他的身体,成了渡她的欢喜佛。
热水的柔波荡过皮肤,便成了欲从皮肉里钻出来的密密麻麻的虫子,啃着她的肉,喝着她的血,咬着她的骨头。
因此,再粗暴的彼此厮磨,都成了能够消解她痛苦的甘泉。
太热了,于是他的皮肤便成了凉的,叫人贪恋,叫人忍不住靠近,叫人食髓知味,甘愿沉沦。
十六如同一条蛇入了水一样游动着,用温软的皮肉缠着他,那份天真也在无意识间堕成了美人蛇,柔腻的肌肤裹着他裸露的身体,要从中讨得无尽欢愉。
好痛快啊。
痛痒在勾缠中化作了欲望,沉沉地席卷过来,骨头里还在痒,可身体却更加被诱惑。
满头的青丝落了下去,浸在水中,漾开数朵浓云,而她一动,那些湿黏的发,便络络粘在彼此赤裸的身体上,牵连难断,勾缠厮磨,那细细的乌丝成了锁住二人的禁锢,让欲望不断发酵。
这对李玄慈,何尝不是折磨。
软玉一样的人,在他身上这样放肆地动着。
白腻腻的乳团,压着他的胸膛,那颗他尝过不知多少次的奶子尖,还在和他胸上的凸起不停厮磨着。
那么嫩的小玩意儿,含在唇舌上玩弄都怕抿化了,此刻却天真又不知餍足地无意讨好着他,就这般用力地在他坚硬的胸肌上碾来磨去,小小的乳团都被压得失了形状,往中间挤出些淫靡的痕迹来。
连玲珑的锁骨上都盈了水珠,细长的颈往后仰去,弯折成脆弱的天鹅颈一般的模样。
更不敢看,那红湿的唇半张着,还能瞧见里面舌尖微微翘起的模样,轻声吐着湿漉漉的呻吟,被贝齿挡了一半,透出来的带这点鼻音的喘息却越发缠绵了。

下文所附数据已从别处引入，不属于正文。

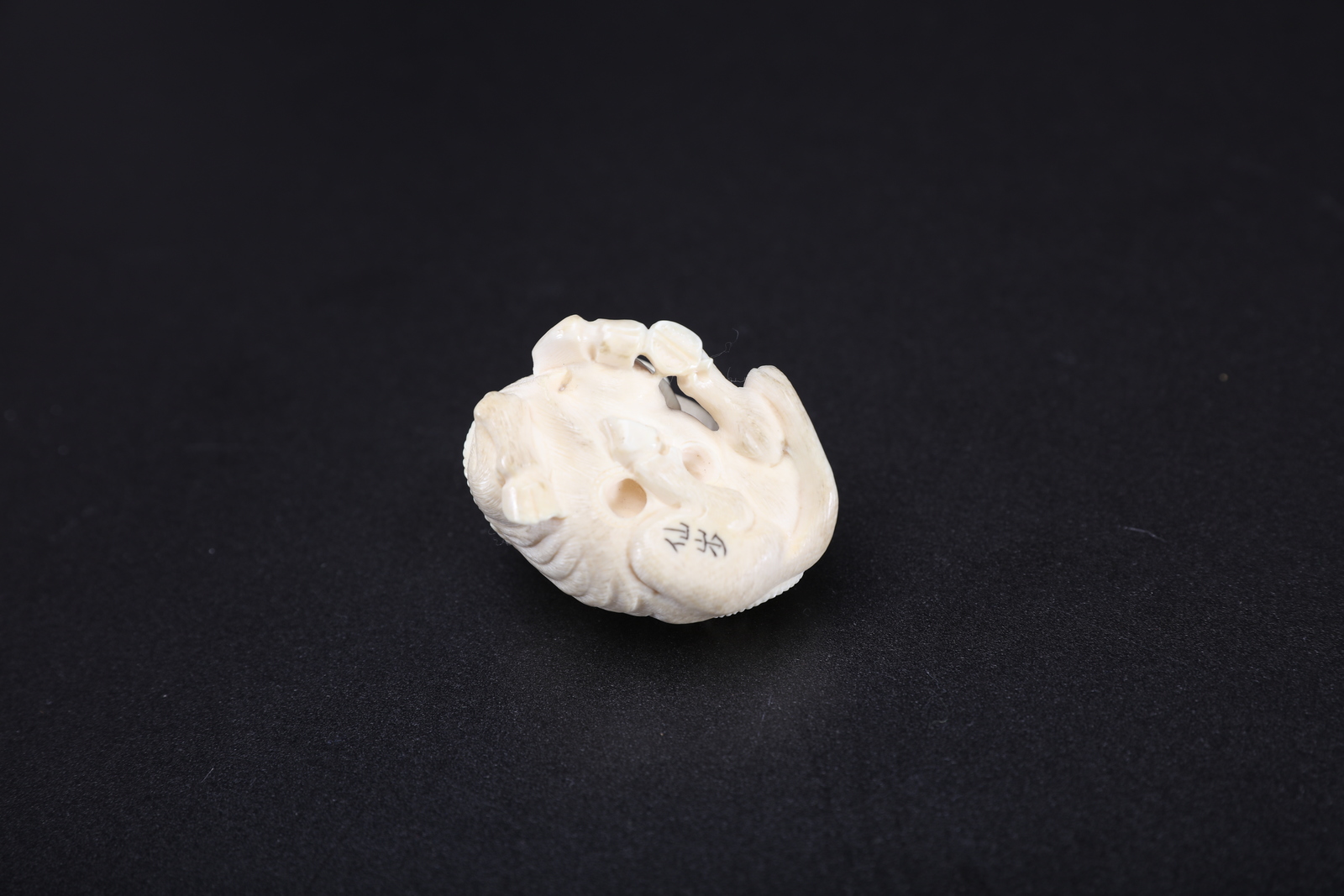 a walrus ivory netsuke in the shape of a mask carver 3 X 4 cm
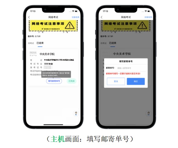 考生按要求将试卷通过中国邮政特快专递寄出后,登录主机“艺术升”APP,点击【网络考试】,选择对应考试【填写邮寄单号】。确保输入的邮寄单号无误后再点击【确定】。至此,当科考试所有步骤均已完成。
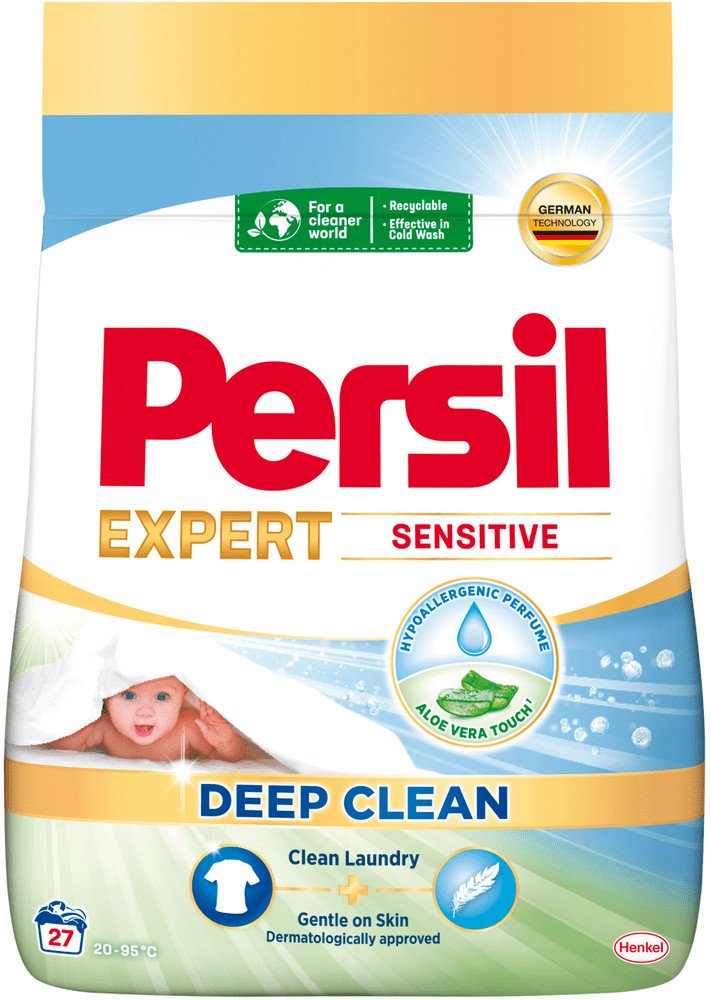 Persil Sensitive prací prášek Vám pomůže docílit perfektně čistého prádla a šetrné péče o pokožku. Prášek na praní Persil Sensitive byl vyvinut speciálně pro citlivou pokožku. Jemný prací prostředek zajistí víc než jen efektivní odstranění skvrn. Neobsahuje žádná barviva a je ideální prací prostředek na dětské nebo kojenecké oblečení. Prací prášek zajišťuje čistotu pro bílé nebo barevné prádlo, a zároveň dodává vašemu oblečení jemnou vůni. Složení bylo certifikováno institutem ECARF, aby usnadnilo každodenní život zákazníků s alergiemi. Prášek je účinný i při nízkých teplotách (20 °C), díky čemuž můžete ušetřit za energie. Prací prášek Sensitive od značky Persil je šetrný i k planetě, složení obsahuje 92 % biologicky odbouratelných složek* a je vyráběno ve 100 % recyklovatelném obalu. *Vztahuje se na organické složky podle OECD 301/302. Vlastnosti PERSIL SENSITIVE: univerzální prášek na praní hloubkové vyčištění prádla vhodné pro citlivou pokožku na dětské a kojenecké oblečení z 92 % biologicky rozložitelné složky Složení: 5-15 % aniontové povrchově aktivní látky. lt;5 % neiontové povrchově aktivní látky, zeolity, fosfonáty, polykarboxyláty. Dále obsahuje: enzymy, optické zjasňovače, parfémy. Bezpečnostní upozornění GHS07 - dráždivé látky Signální slovo: Varování H319 Způsobuje vážné podráždění očí. P101 Je-li nutná lékařská pomoc, mějte po ruce obal nebo štítek výrobku. P102 Uchovávejte mimo dosah dětí. P280 Používejte ochranné rukavice/ochranný oděv/ochranné brýle/obličejový štít. P305+P351 PŘI ZASAŽENÍ OČÍ: Několik minut opatrně oplachujte vodou. P337+P313 Přetrvává-li podráždění očí: Vyhledejte lékařskou pomoc/ošetření.
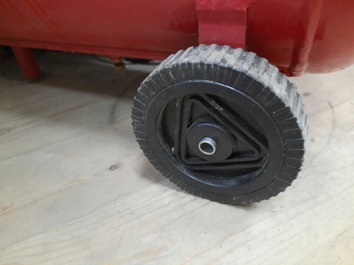 Редко он использовался по многим причинам, но одна из них не давала мне покоя уже давно. Дело в том, что достаточно сомнительная конструкция крепежа колесиков компрессора к оси проявила себя ожидаемым образом и дала сбой - отвалилась и потерялась маленькая пластиковая заглушка, не дающая колесу слететь с оси при его перекатывании.
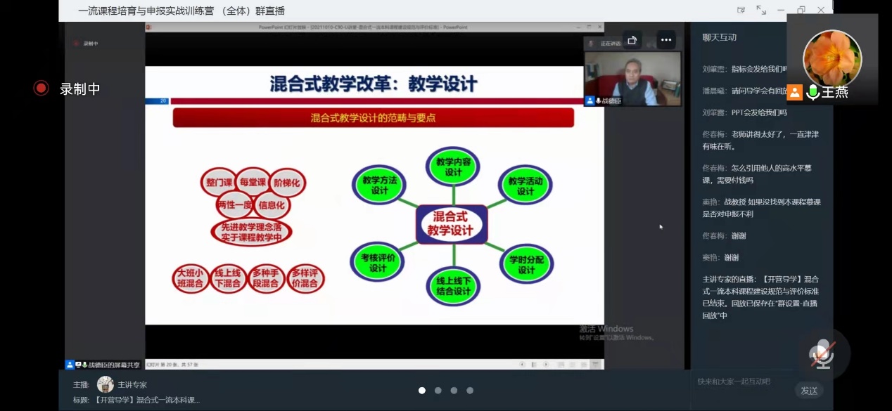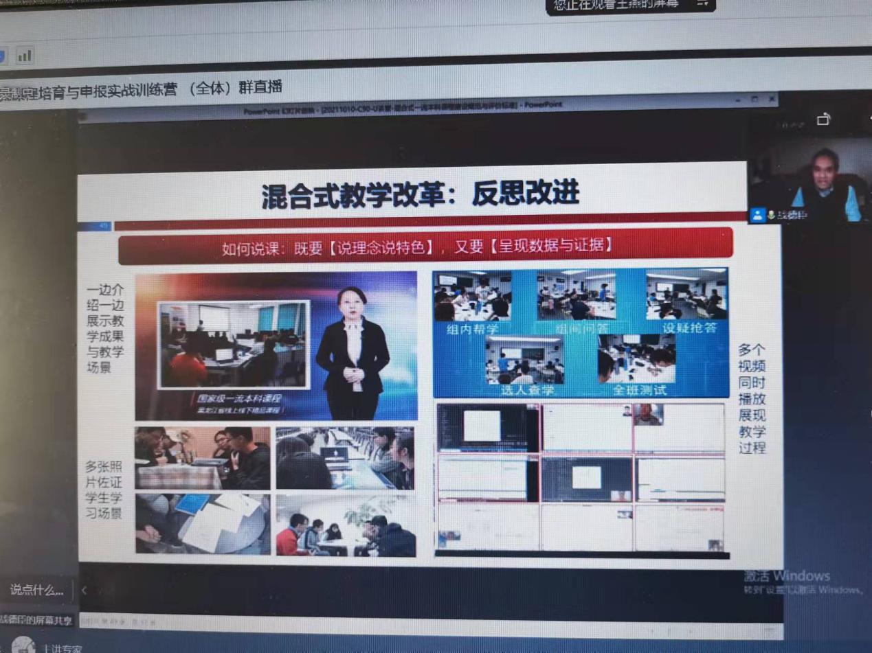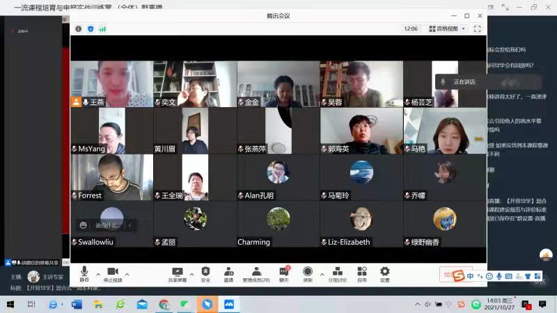 3044am永利集团3044noc英语系一流基层教学组织“语言与思辨教研室”于2021年10月27日下午2点,开展了线上教学活动,共同观看讲座“混合式一流本科课程建设规范及评价标准”,主讲人为哈尔滨工业大学教授,博士生导师战德臣。英语系语言与思辨教研室(一年级组)和语言与思辨教研室(二年级组)全体教师共同聆听本次线上讲座。
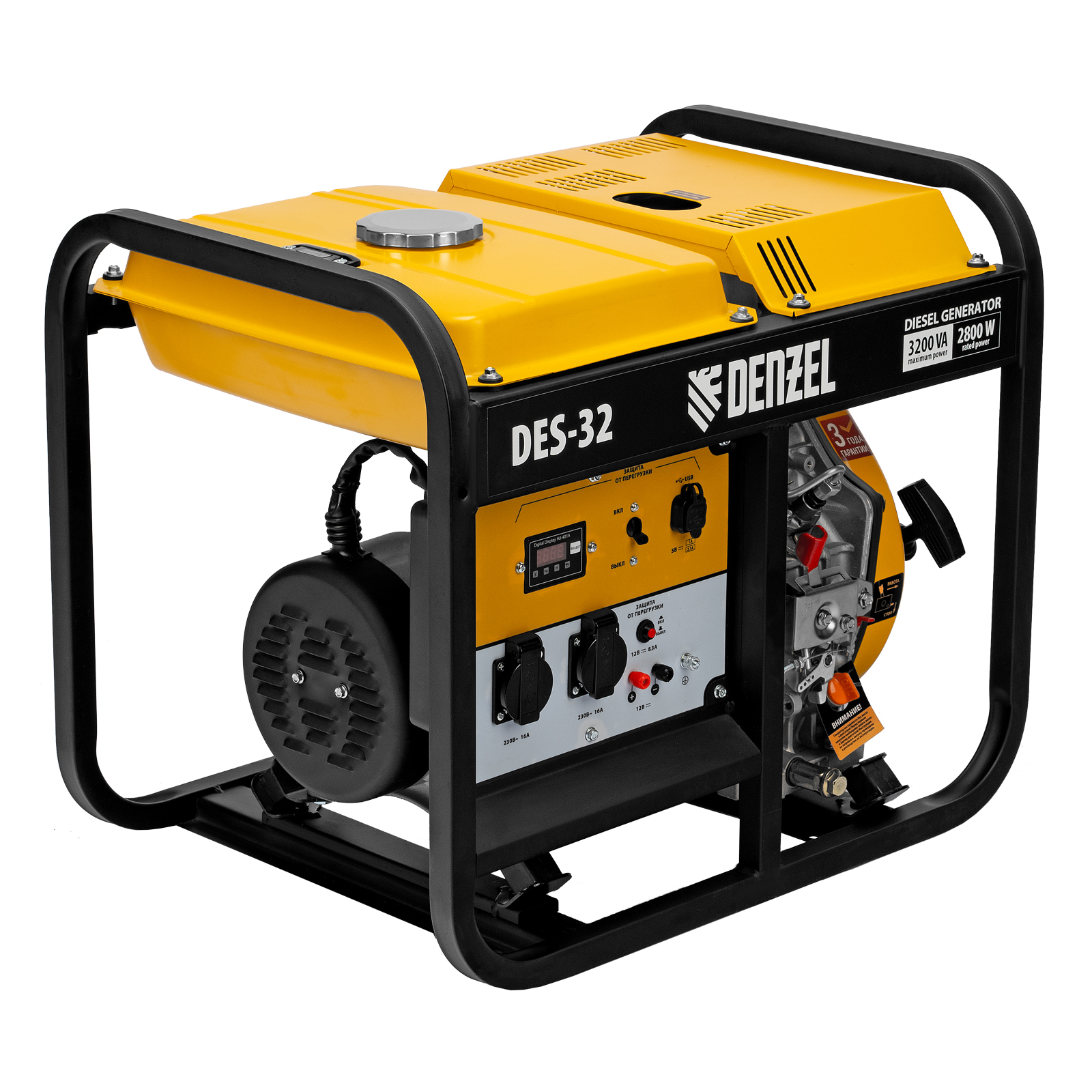Генератор дизельный DES-32 (3,2 кВт, 230 В, 11 л) ручной стартер, Denzel

她闭着眼睛,睫毛轻轻颤着,显然在清醒与昏沉间不断挣扎着,如同一只残了翅膀的蝴蝶。
这惹得李玄慈不禁心头起了一点怜爱。
他轻轻吻去十六睫毛上的雾气,却伸手止住了她的动作,如今不是放浪的时候。
可十六不懂这些。
她只知道自己难受。
不过制住她片刻,那无处不在的痒就又狠狠啃噬起骨髓,痛得她一刻也忍不下去。
李玄慈只觉得自己真是握了只蛇,如此滑腻,即便扼住,也依然贪婪地用尾巴缠上他的腕子,爬上身体,刺进唇中。
她便是这样做的。
无知无觉地扑进他怀里,仰着那张天真的脸,舌尖就这么吻进了他的唇中。
软软小小的,那么一点舌尖,轻轻地吮着他的唇线,似乎从中品出了欲望的气息,贪婪地汲取着他唇舌上的津液。